Issue four: Has the prosecution proved the complainant did not consent to filming on her phone.

  1. The two accounts of the facts are so inconsistent that there is really no room for error or mistake except as to matters of minor detail. It is not a matter of whose account I consider to be more likely to be true. Only if I find beyond a reasonable doubt that the complainant is telling the truth and that the defendant is not can I find that she did not consent to filming at all, and in particular to filming on her phone. There is no issue that that filming was for the purpose of sexual gratification.

  2. The complainant is the only witness who gives evidence of her lack of consent to filming. I am required in those circumstances to scrutinise her evidence with care. Although there was an immediate complaint once she became aware of the use of Snapchat to distribute the videos, that is equally consistent with having been made as a result of the distribution without consent, rather than with filming without consent.

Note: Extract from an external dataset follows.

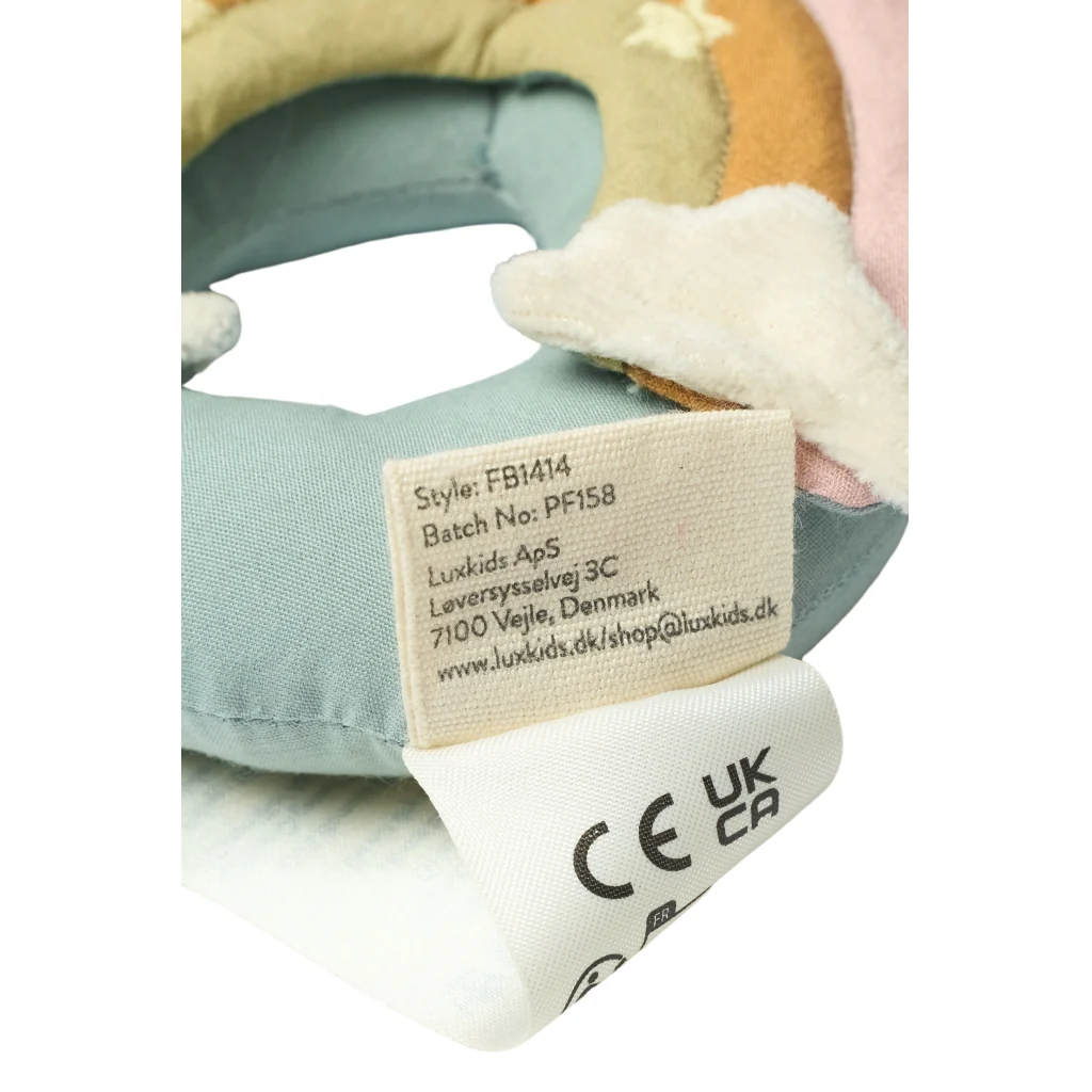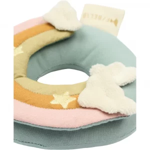 El sonajero Arcoíris es fácil de sostener y agarrar para las manitas de los más pequeños. Su tejido de algodón ofrece una superficie suave y táctil, animando a tu bebé a explorar diferentes sensaciones al agarrar y agitar el sonajero.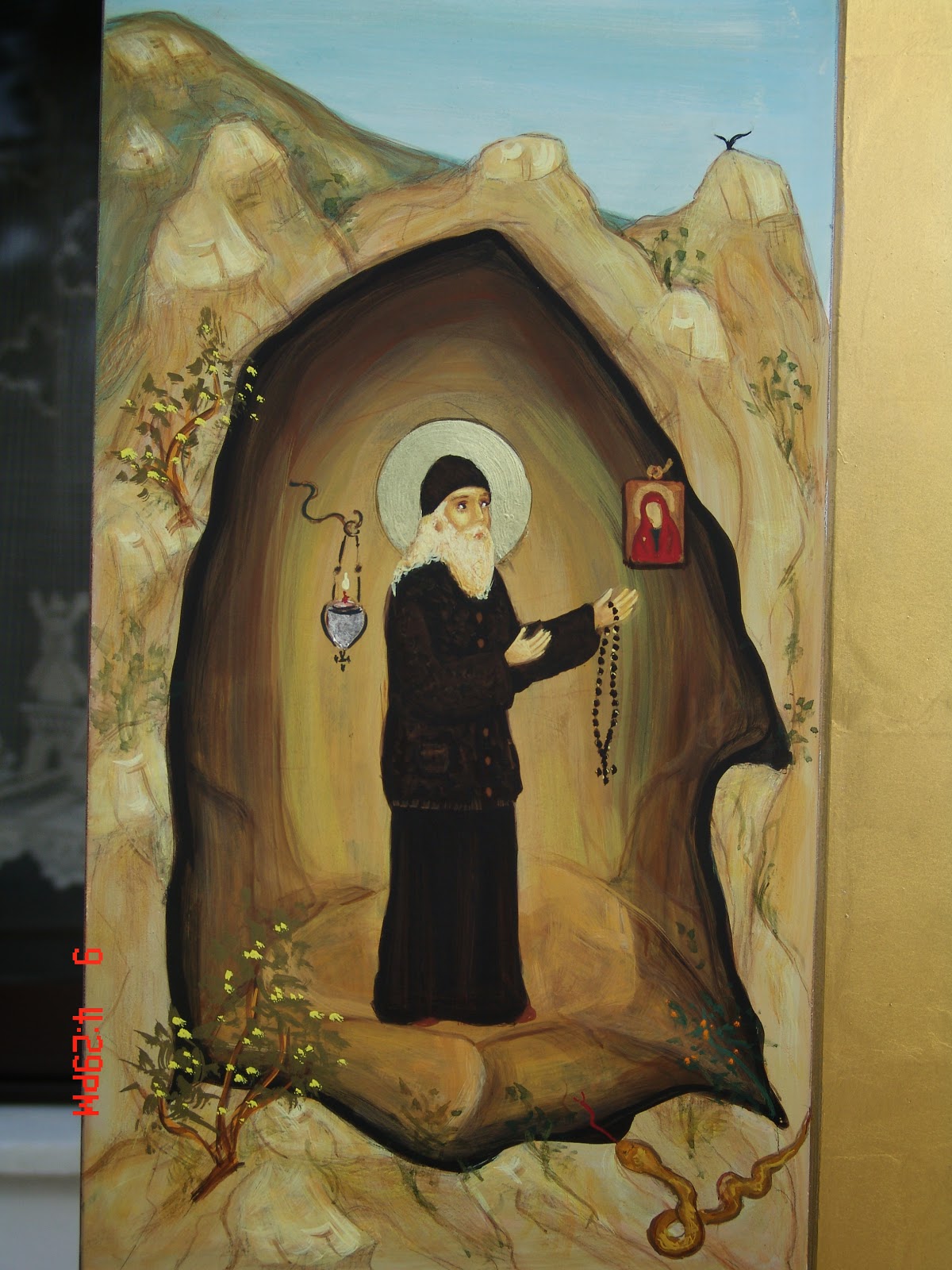 Κάποια νύκτα ἐνῶ βρισκόταν κοντὰ στὴ Μονὴ προσευχόμενος παρατήρησε στήλη ὑπέρλαμπρου φωτὸς νὰ κατέρχεται ἀπὸ τὸν οὐρανὸ καὶ νὰ στέκεται πάνω ἀπὸ ἕνα αἰωνόβιο δένδρο ἐλιᾶς. Ἀπόρησε βλέποντας τὸ παράδοξο θέαμα, πλησίασε στὸ μέρος ἐκεῖνο ποὺ ὑποδείκνυε τὸ οὐράνιο φῶς καὶ βρῆκε μία παλαιὰ Εἰκόνα τῆς Ὑπεραγίας Θεοτόκου. Γονάτισε μὲ δέος, τὴν σήκωσε στὰ χέρια του καὶ τὴν ἀσπάστηκε μὲ πνευματικὴ χαρὰ καὶ ἀγαλλίαση ψάλλοντας ὕμνους δοξολογίας στὸν Θεὸ καὶ ᾄσματα εὐγνωμοσύνης στὴ Θεομήτορα γιὰ τὴ θαυμαστὴ εὐδοκία τῆς χάριτός της.

  3. They were both at least somewhat intoxicated. That may account for some of the differences in the detail of what is alleged to have happened. The defendant’s account is that he on at least three occasions asked the complainant if he could film her. She denies that happened at all.

  4. The 3 minute 43 second video the defendant says he took is inconsistent with lack of consent. If I accept that the defendant took a video of that length then I would not accept that the complainant did not consent to it, as that is far too long to have been done surreptitiously with the phone in his hand. There is no independent evidence of that video’s existence. Subject to an argument I deal with shortly, the first time it was raised was in cross-examination of the complainant. She denied it happened.

  5. I must take into account the complainant’s own admitted inconsistent first statement to police about the issue of how that lack of consent was communicated. In court and in her second statement she essentially said that the issue of filming was never raised. In her first statement to police she told them that she had made clear to the accused she did not want to be filmed.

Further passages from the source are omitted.